A few disruptive thoughts about the evolution of the railway system

Tortoise or hare?
It is clear that the railway sector is evolving but is the pace fast enough?
Some would say it is too quick and that the sector is not able to cope. Others would say that the pace of change is not quick enough and that rail transport is losing market opportunities to the road and aviation sectors. Somewhere in here is the happy median that needs to be reached.
Far from being slow starters in the digital revolution that is embracing us all at the moment, the railway sector has been making regular progress in innovating the railway system. With developments that moved the system from mechanical to solid state signalling, remote monitoring of assets, automatic train protection, much lighter-weight and faster trains, interactive passenger information systems and so on, the railway of today is a lot different to what it was a decade ago.
Of course, there will be commentators that will suggest that even that is very slow progress when one looks at the pace of innovation in other sectors, so what is it that makes rail different?

How is rail different?
One has to start with the life cycle of the assets that rail manages and the cost versus benefit ratio that needs to be calculated in order that investment decisions can be justifiably taken. Rail has some very large fixed assets like the track, the track bed on which the tracks sit, the bridges, stations, tunnels, noise barriers etc, notwithstanding the movable assets such as the actual trains, the rolling stock. All of that needs to work together via a series of critical interfaces in order for the railway system to be safe and efficient.
Innovation in rail therefore needs to be about collaborative forward planning, identifying which assets need to be changed when and taking account of the technological evolution along the way.

A dose of realism
It has to be done in a cost-effective manner that takes account of the affordability factor for the stakeholders involved and it has to be realistic.
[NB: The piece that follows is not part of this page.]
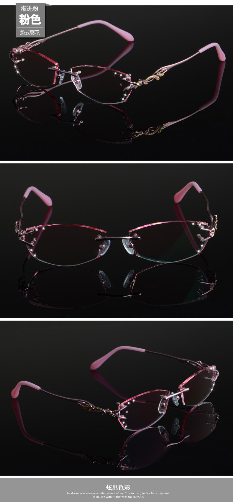 - Розовый рамка + MR7 безрамная прогрессивная розовая линза

It must be done within the capabilities of the suppliers to supply enough of the right equipment, the infrastructure managers to fit it to the railway, the railway undertakings to fit equipment to their rolling stock and for the personnel of both RUs and IMs to be properly trained, whilst at the same time trying to keep trains running, costs controlled and customers satisfied.

An opportunity to be seized
Digitalisation provides the sector with a series of opportunities that it needs to embrace with both hands.
With rail being a system that must remain whole and integral, the focus must be on collaboratively harnessing the transformative technologies that are being either developed within the rail sector or which can be adapted from other sectors.
There is a strong need to be focussing on those technologies that will drive down cost so that secondary lines can continue to serve the maximum population, that make taking the train more attractive to the customer and that make maintaining the system cost-effective.

The here and now but also over the horizon – carpe diem
Shift2Rail is an excellent vehicle for tackling some of these topics but it will only ever be able to scratch the surface of what is really needed to be done. The UIC has created the Digital Platform that is setting out the embrace good practice within the sector and share that with other stakeholders. It is also encouraging start-ups and SMEs to engage with rail and help the sector to benefit from new thinking in this digital revolution.
A team of companies from the railway operating community (ROC) is developing, and will very soon publish, a series of capabilities that the operators with the sector to be developing.
The time is now to take the initiative, use the catalyst being generated by Shift2Rail and develop a programme of innovation that is encouraging the best ideas to come forward and which will create a rail revolution. Only then will there be a real shift to rail as the preferred mode of land transportation. Only then will we see a significant reduction in congestion of our towns and cities as the train really starts to take the mobility strain in Europe.

Contribution by:  

Simon Fletcher

Coordinator European Region, UIC (the International Union of Railways)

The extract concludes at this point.